Eighth Circuit Hints at Unconstitutionality of Missouri Restrictions on Alcohol Advertising

By on January 24, 2017

Last week, the US Court of Appeals for the Eighth Circuit weighed in on the legality of restrictions on alcohol advertising under the First Amendment, issuing an opinion in Missouri Broadcasters Association v. Lacy that could eventually broaden free speech protections for alcohol beverage advertisements. After the lower court granted defendants’ motion to dismiss and plaintiffs appealed, the Eighth Circuit reversed the district court’s dismissal, finding that plaintiffs’ claim alleging the unconstitutionality of a Missouri statute and two regulations should be heard.

The case concerned three Missouri provisions – two regulations and a statute – that restrict the advertising of alcohol beverages:

  1. a regulation prohibiting retailers from advertising price discounts outside of the licensed premises (but allowing the advertising of discounts by using generic descriptions (e.g., “Happy Hour”), as well as the advertising of specific discounts within the licensed premises);
  2. a regulation prohibiting retailers from advertising prices below cost; and
  3. a statute requiring manufacturers and wholesalers choosing to a list a retailer in an advertisement to exclude the retail price of the product from the advertisement, list multiple unaffiliated retailers and make the listing relatively inconspicuous.

Plaintiffs – a broadcasting industry group, radio station operator, winery and retailer – sued Missouri’s supervisor of liquor control and attorney general, alleging that the three provisions are facially invalid under the First Amendment in that they prohibit truthful, non-misleading commercial speech, are inconsistently enforced by the state and the challenged statute unconstitutionally compels speech.

To state a claim that a statute is facially unconstitutional under the First Amendment, Supreme Court precedent instructs that plaintiffs must show that there are no set of circumstances under which the challenged provision would be valid, or that a substantial number of the provision’s applications are unconstitutional. Alcohol beverage advertisements involve commercial speech, which receives less protection under the First Amendment than other constitutionally protected forms of expression. In Central Hudson Gas & Electric Corp. v. Public Service Comm’n of New York (1980), the Supreme Court articulated a four-part test for determining the constitutionality of laws restricting commercial speech:  whether (1) the speech concerns lawful activity and is not misleading; (2) the governmental interest justifying the regulation is substantial; (3) the regulation directly advances the governmental interest; and (4) the regulation is no broader than necessary to further the governmental interest.

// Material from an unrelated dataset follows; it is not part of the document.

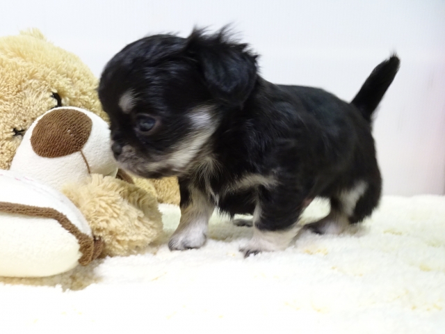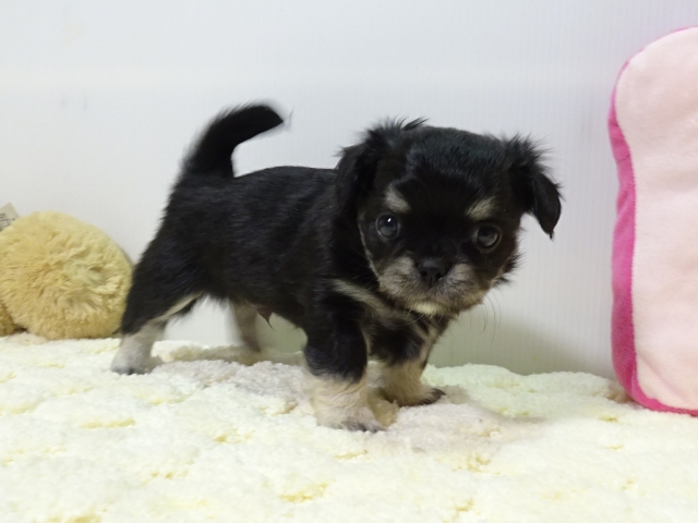 | コメント | ペキチワのママとチワワのパパから生まれた子です。 チワワ寄りのペキチワくんです。 上向きのタンが凛々しい短足鼻ぺちゃの可愛い男の子です。 どんな子に成長するか、ミックス犬ならではのお楽しみです♪ 毎日ママや兄弟たちと楽しくじゃれ合いながら社会性を身に付けるお勉強をしています。 お迎えまでにはトイレトレーニングも頑張ります。 実物はお写真よりもずっと可愛いです! 是非ご見学にお越しください。 お引渡しは2月末以降になります。 《お願い事》 まずは、子犬を飼う事をご家族で十分お話合いをされ、子犬をお迎えできる環境が整ってからのお問い合わせをお願いいたします。 お問い合わせ時に希望の子犬が決まっておらず、生まれている子犬全部を見たい等のご希望には添えかねます。 こまめな写真更新を心がけておりますが、 個別に新たな写真を希望される場合、子犬の向きや角度など細かなリクエストは撮影に時間がかかり子犬のストレスになりますのでご遠慮ください。 写真撮影は全くの素人ですのでどうぞご理解ください。 |

Applying the third and fourth factors of the Central Hudson test (plaintiffs and defendants agreed on the first two factors of the test), the court found that the facts plaintiffs alleged were “more than sufficient” to state a plausible claim. First, the court opined, plaintiffs made sufficient allegations that the challenged provisions do not directly advance Missouri’s substantial interest in promoting responsible drinking. Although defendants argued that a link exists between advertising promotions and increased demand for alcohol beverages, the court noted that “multiple” inconsistencies in the regulations demonstrate that the regulations do not advance Missouri’s interest in promoting responsible drinking. Likewise, the court determined, plaintiffs pled sufficient facts to support a finding that the statute does not directly advance Missouri’s asserted interests: the court noted that because the statute is an exception to Missouri’s general tied-house law, it “actually weakens,” rather than furthers, “the impact of the overall statutory scheme.”

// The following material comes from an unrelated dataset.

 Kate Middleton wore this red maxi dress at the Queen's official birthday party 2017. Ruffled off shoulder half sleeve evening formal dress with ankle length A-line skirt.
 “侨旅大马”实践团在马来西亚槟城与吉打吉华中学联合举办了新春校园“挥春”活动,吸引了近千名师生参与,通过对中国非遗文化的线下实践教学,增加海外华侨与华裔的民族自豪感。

Second, the Eighth Circuit found that plaintiffs alleged “more than sufficient information” to show that the challenged provisions are more extensive than necessary to further the state’s interests, noting that there are alternatives to the provisions that would be less intrusive to plaintiffs’ rights under the First Amendment. Finally, the court determined that the challenged statute compels speech and association in that it requires manufacturers and wholesalers to both associate with more than one retailer and to list more than one retailer, if they choose to list any in advertisements.

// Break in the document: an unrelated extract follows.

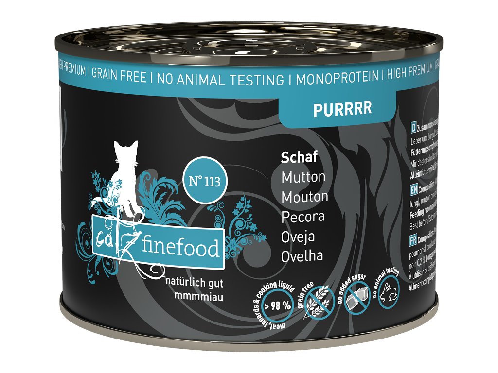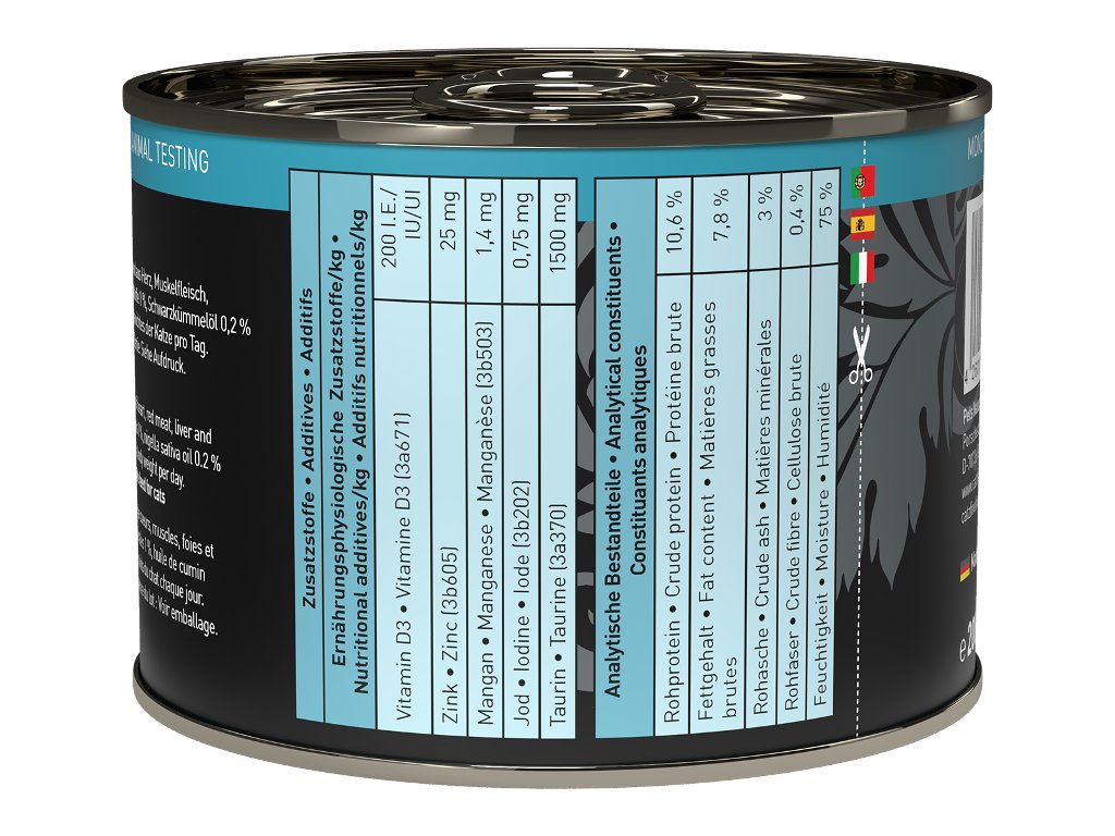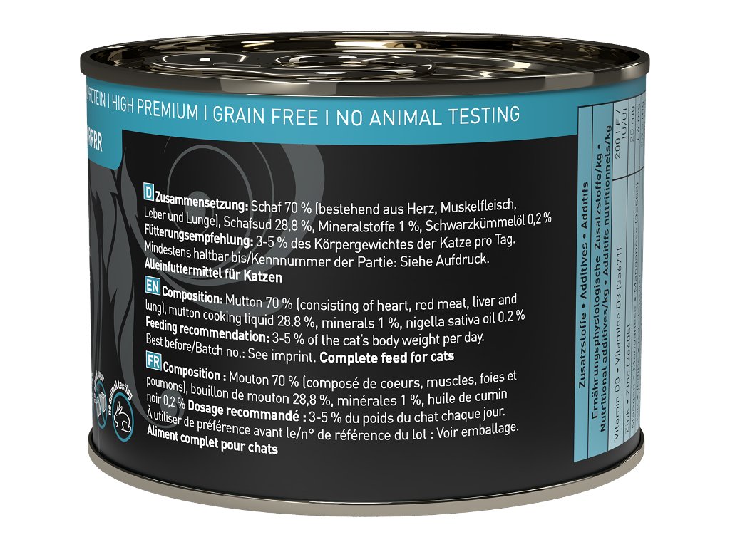 Lahodná konzerva pro kočky, která obsahuje pouze skopové maso, vývar, minerální látky a olej z černuchy seté (černý kmín). Konzerva je tak vhodná i pro kočky s citlivým zažíváním nebo pro alergické kočky. Jedná se o kompletní krmivo. Suroviny jsou vysoké potravinářské kvality a svým složením odpovídají přirozené kočičí stravě. Jsou bez konzervantů, umělých barviv a dochucovadel. Konzervy neobsahují geneticky upravené suroviny.

The Eighth Circuit’s decision is timely: last week the Ninth Circuit Court of Appeals held an en banc hearing in Retail Digital Network, LLC v. Appelsmith, a case involving a First Amendment challenge to California’s restrictions on alcohol advertising, which we discussed in more detail last year.  One key issue in Retail Digital Network – but only glossed over in a footnote in the Missouri Broadcasters case – involves the impact of the Supreme Court’s 2011 decision in Sorrell v. IMS Health, Inc., which called for a “heightened” level of judicial scrutiny when determining the constitutionality of restrictions on commercial speech.